While on one hand I will say that computer forensics is a type of investigation since it's results are going to be used in court by it's very definition, there may be an argument as to why a person would need a Private Investigator's license to perform this service.

On the other hand, are these same states that are requiring that a Computer Forensic Examiner have a P.I. License going to require EVERY expert witness that has to go over specific case details, run tests on evidence, interpret these test results, and report on them to have a P.I. License? In the truest sense of what an Expert Witness is supposed to do, he or she is performing a type of investigation also. Will tire tread experts now have to have a P.I. License?

There is a larger consideration to make here also. A P.I. License does NOT make a person a competent Computer Forensics Expert. There are Private Investigators right now that have less than 5 years of Computer Forensics Examination experience that are going into court and testifying on their examination results that would not know the difference between a yellow and a black hardware write-blocker from Tableau. Think about the implications here. By requiring Computer Forensic Examiners to have a P.I. License, there would seem to be a limiting effect on the quality of Computer Forensics Examiners made available to the defendant's attorney. What about the people that have been in the business of conducting Computer Forensic Examination for 10 and 15 years, like Dan Farmer and Andrew Rosen? I could not imagine being charged with a serious computer crime, and wanting to be able to hire the very best Computer Forensics Examiner I could find like Andrew Rosen, and instead having to settle for a Private Investigator that only 5 years ago could not even figure out how to turn his computer on. I don't want to hire a Computer Forensic Examiner that BOUGHT a certification, I want to hire the Examiner that wrote the program that these certifications are being brought from. I don't want to have to sit through some P.I.'s "guesswork" as to what might have occurred on my computer, I want to be communicating with someone that can tell me what happened on my computer and that he can actually prove it. Maybe it is just me, but I feel that this new legislation that some states are passing that require Computer Forensics Examiners to have a P.I. License is not very well thought out.
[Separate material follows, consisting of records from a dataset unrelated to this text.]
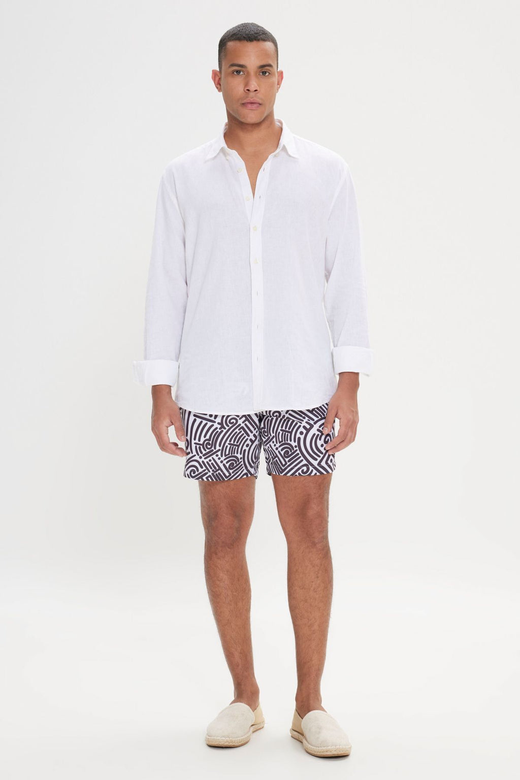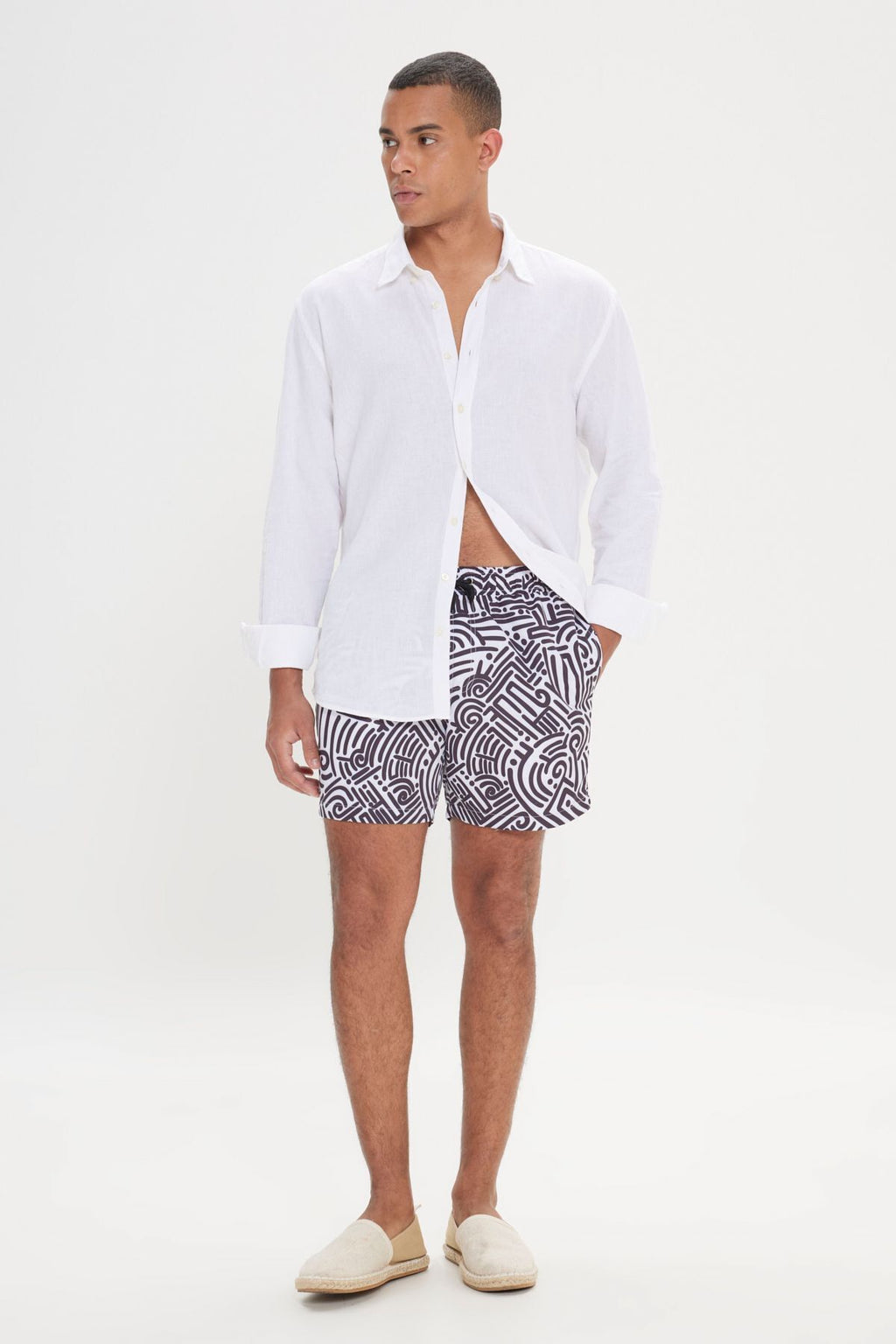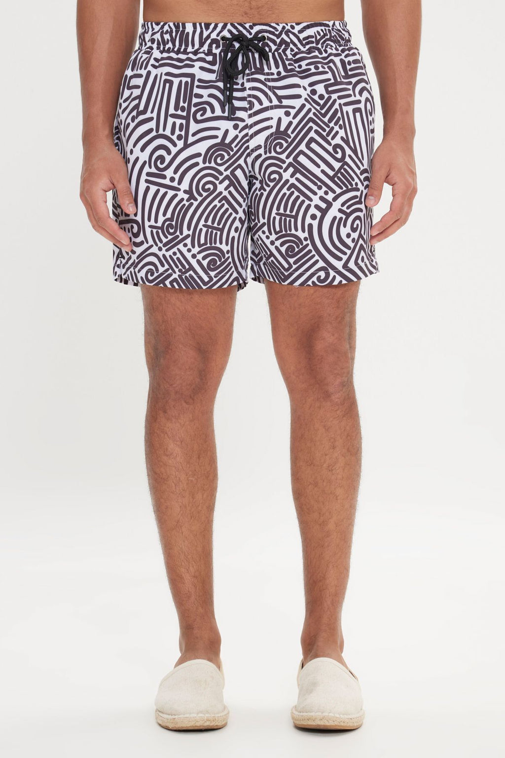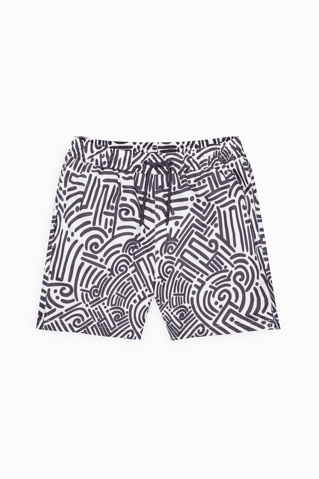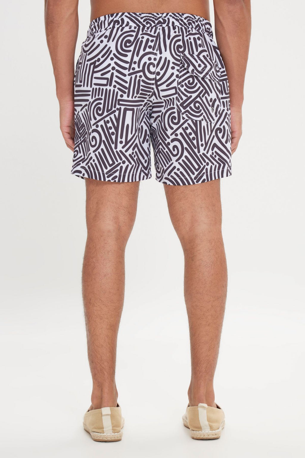 Men's White Black Standard Fit Normal Cutting Pocket Fast Drying Patterned Mayo Sea Short
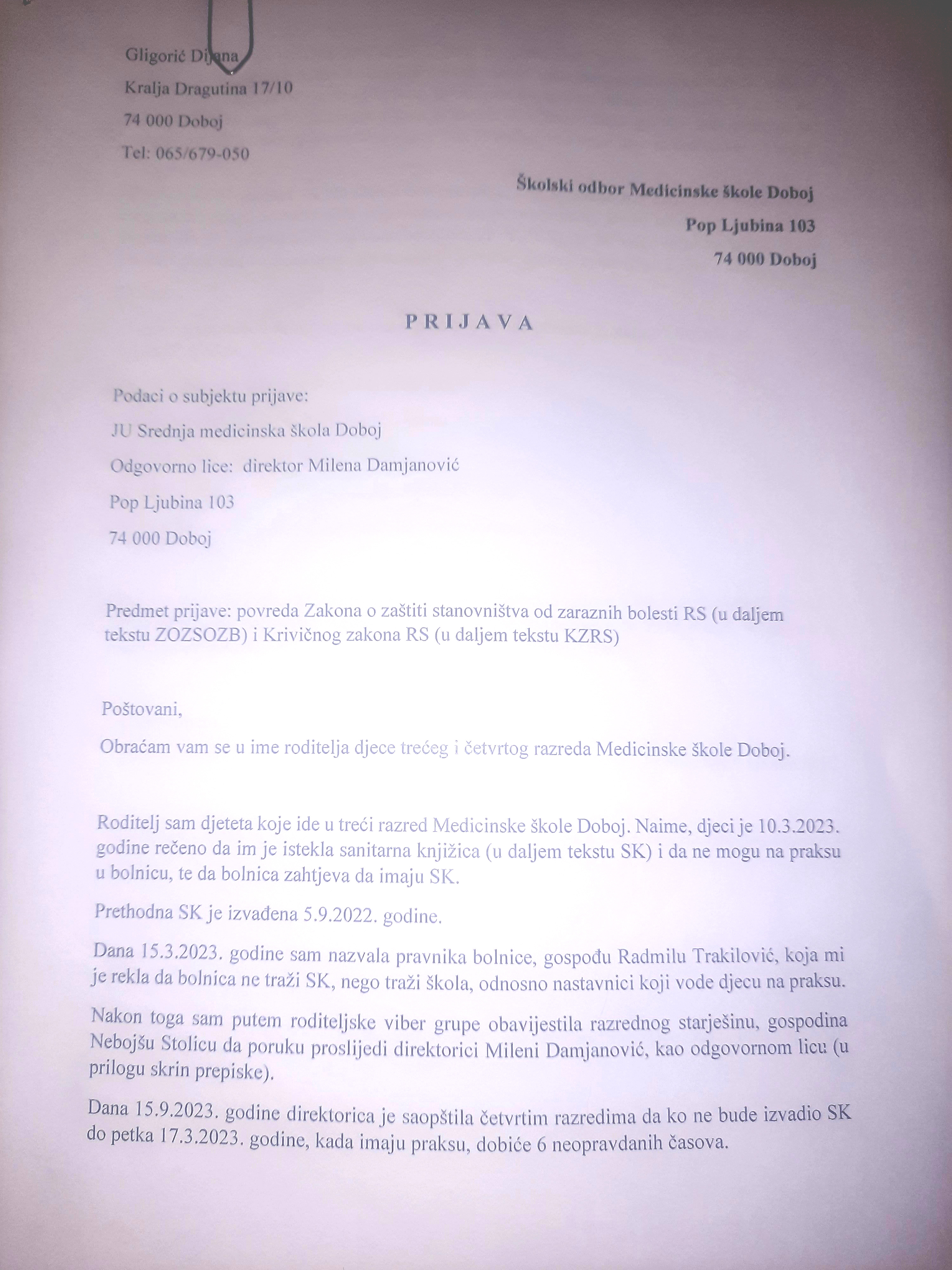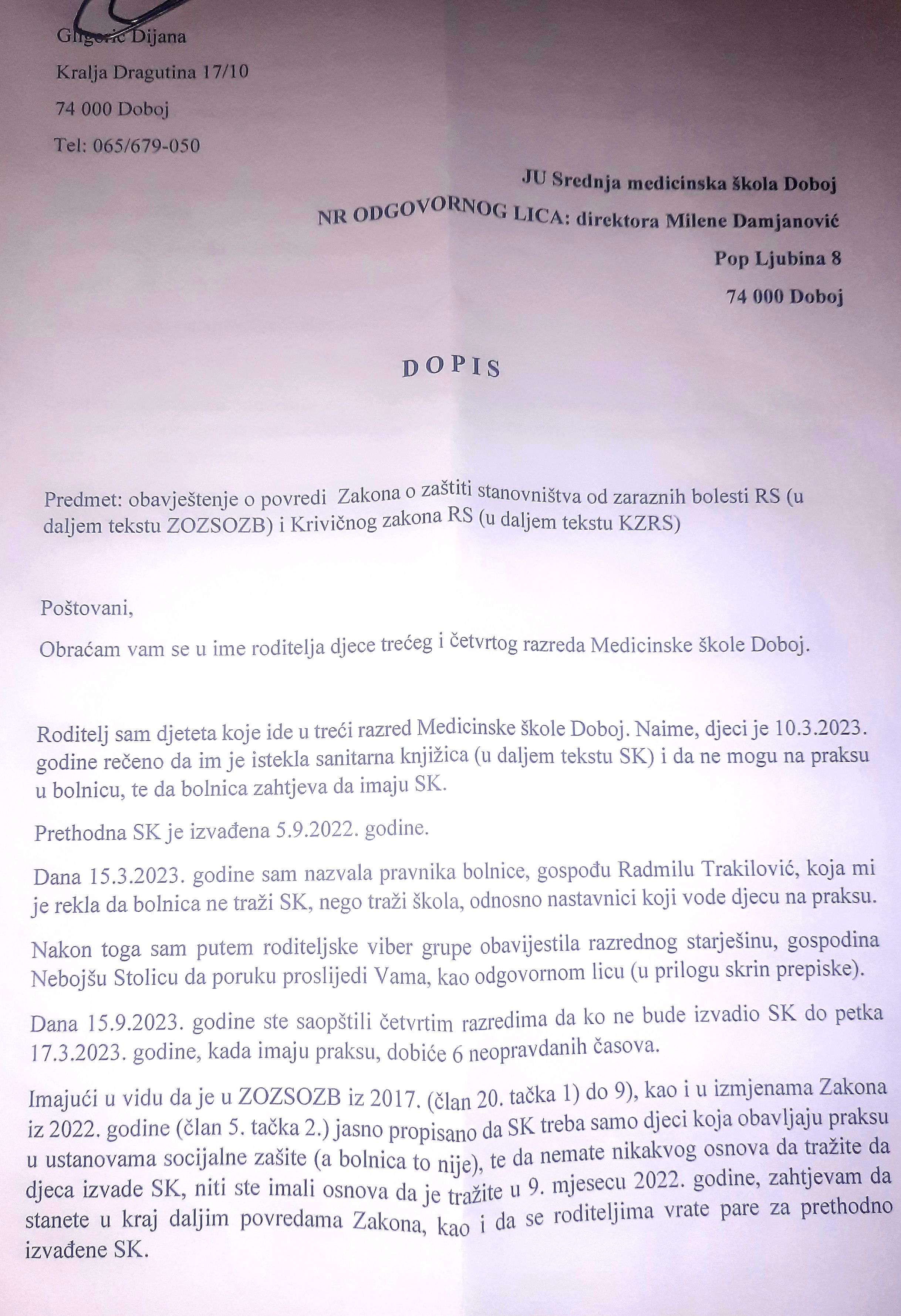 U redakciju gradskog nezavisnog informativnog portala Dobojski Info stigao je dopis roditelja učenika Medicinske škole u kome oni iznose optužbe na račun direktora škole, a po pitanju obaveze učenika da imaju sanitarne knjižice kako bi mogli pristupiti praksi u gradskoj bolnici.
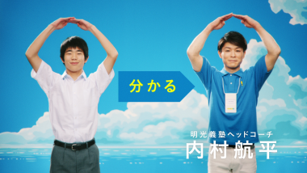 前回のCMに引き続き、明光義塾ヘッドコーチ・体操選手の「内村航平」さんが登場する今回の新CM。内村さんは明光義塾の生徒と一緒に、90%の保護者が成績アップを実感した「分かる 話す 身につく」授業を「テッパン技」としてキレキレの体操の動きで表現しています。
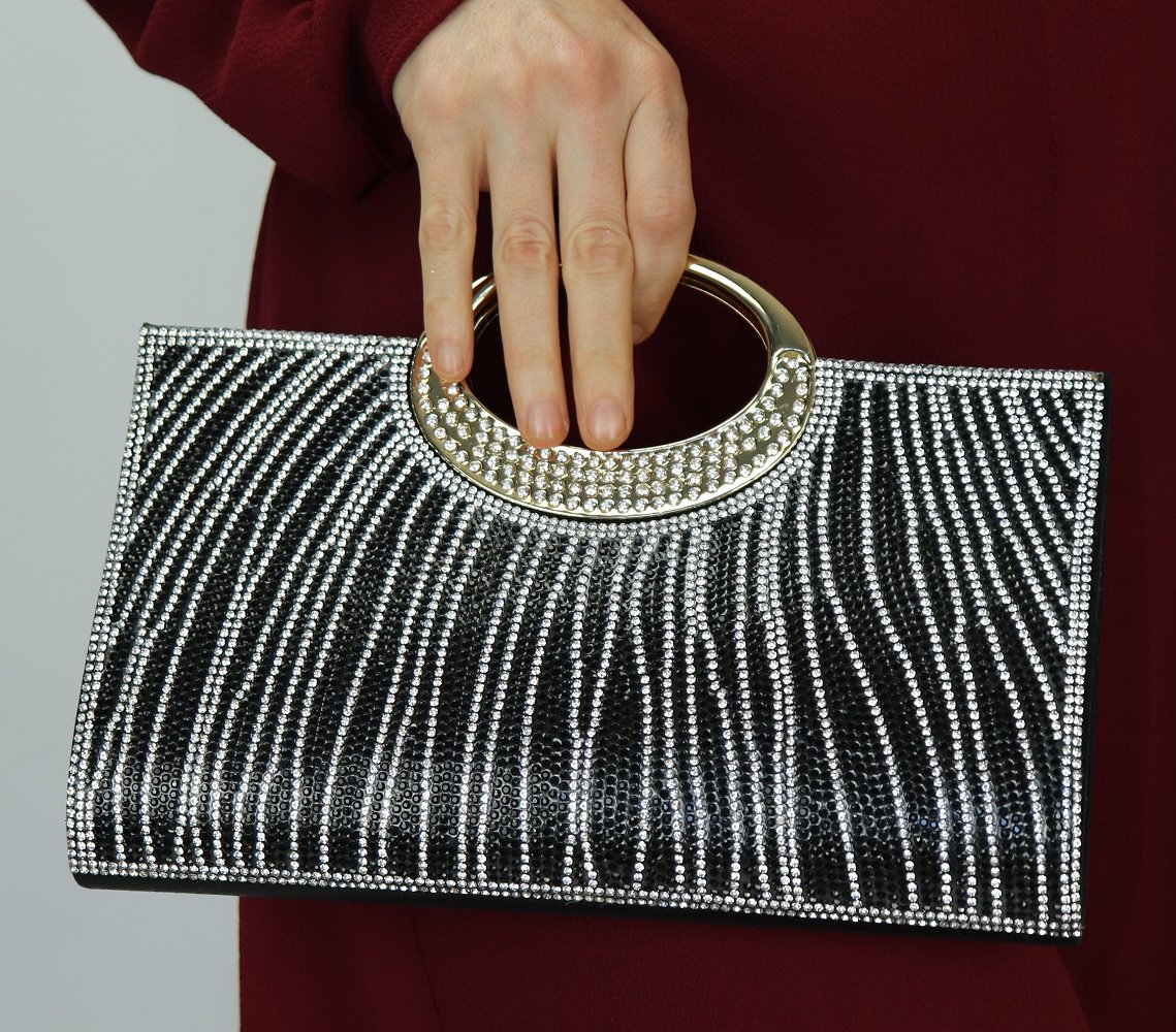 Sac à main de soirée - Pochette poignet métallique femme strass bandoulière chaîne démontable - Noir Vetement & Accessoire
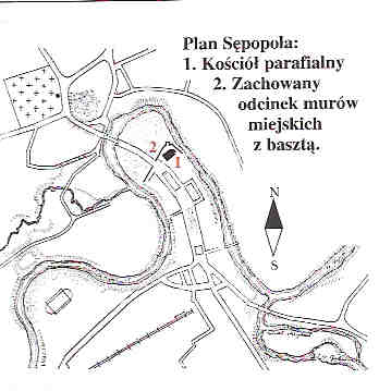 Mury miejskie w Sępopolu posiadały dwie bramy: Królewiecką, Młyńską oraz 4 baszty. W 1749 roku miasto wraz z murami strawił pożar. Do chwili obecnej zachowały się fragmenty murów oraz baszta miejska przy kościele.
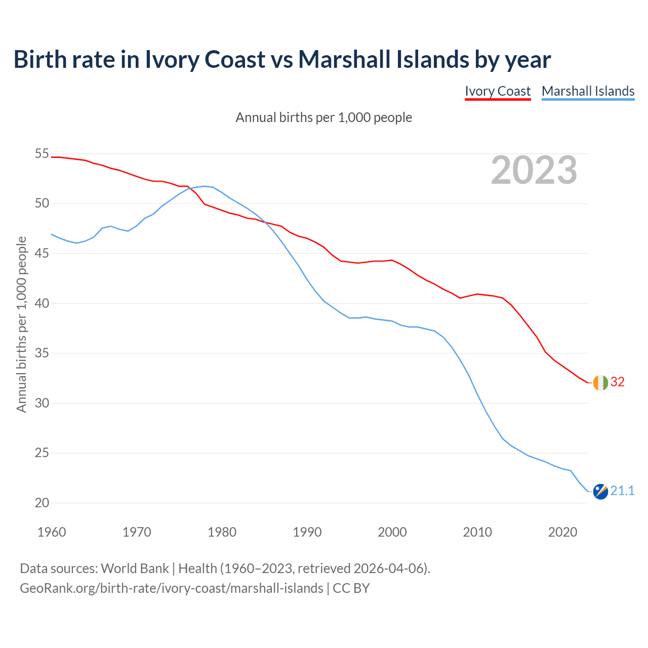 GeoRank.org/birth-rate/ivory-coast/marshall-islands | CC BY
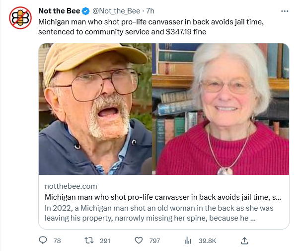 Meanwhile in North Baltimore this past Friday morning (5/23), two 70-year-old plus pro-life picketers outside a Planned Parenthood clinic were viciously attacked and beaten by an assailant. One of the men was tackled from behind and shoved hard to the pavement and suffered unspecified injuries.
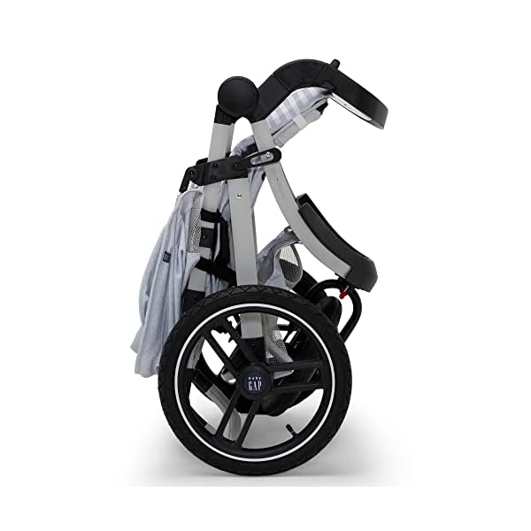 Explore all life has to offer with the babyGap Trek Jogging Stroller! Designed for the future in every possible way, this jogger features fabric made from recycled water bottles. Plastic drinking bottles are sorted, cleaned and shredded into flakes that become the yarn the seat fabric is made from. A great choice for your child and the planet, this versatile jogging stroller is built to handle rugged running trails or smooth city streets. Its durable frame is outfitted with a front swivel wheel, airless puncture-proof tires and an extendable, soft knit canopy with sun visor and peek-a-boo window, and it comes with a safety tether to attach to your wrist when jogging/running. Incredibly comfortable, this stroller has a 5-point safety harness with cushioned shoulder pads, reclining seat, convenient child tray, leatherette handlebars and tons of storage. A spacious storage basket and removable parent organizer ensures you have enough space for all your essentials. For easy storage or travel, quick release back wheels allow for compact folding. Recommended for infants up to 50 pounds.

If these states that are now requiring Computer Forensics Examiners to have a P.I. License would have given it a little more thought, they may have found that requiring a separate state certification to offer Computer Forensics Examinations might have been the wiser way to go.



Ricky B. Gurley Best Cyber Investigator


4 comments:

Anonymous said...

Nice to hear from you again..

Rick I am surprised at you, listing all of those "canned" excuses for computer forensics examiners/investigators NOT to be licensed. Every item you mentioned are the propaganda items by those folks in our field who just can't qualify for a PI license. How mnay have criminal histories? Did you ask them? How many have investigative experience and training? Did you ask them?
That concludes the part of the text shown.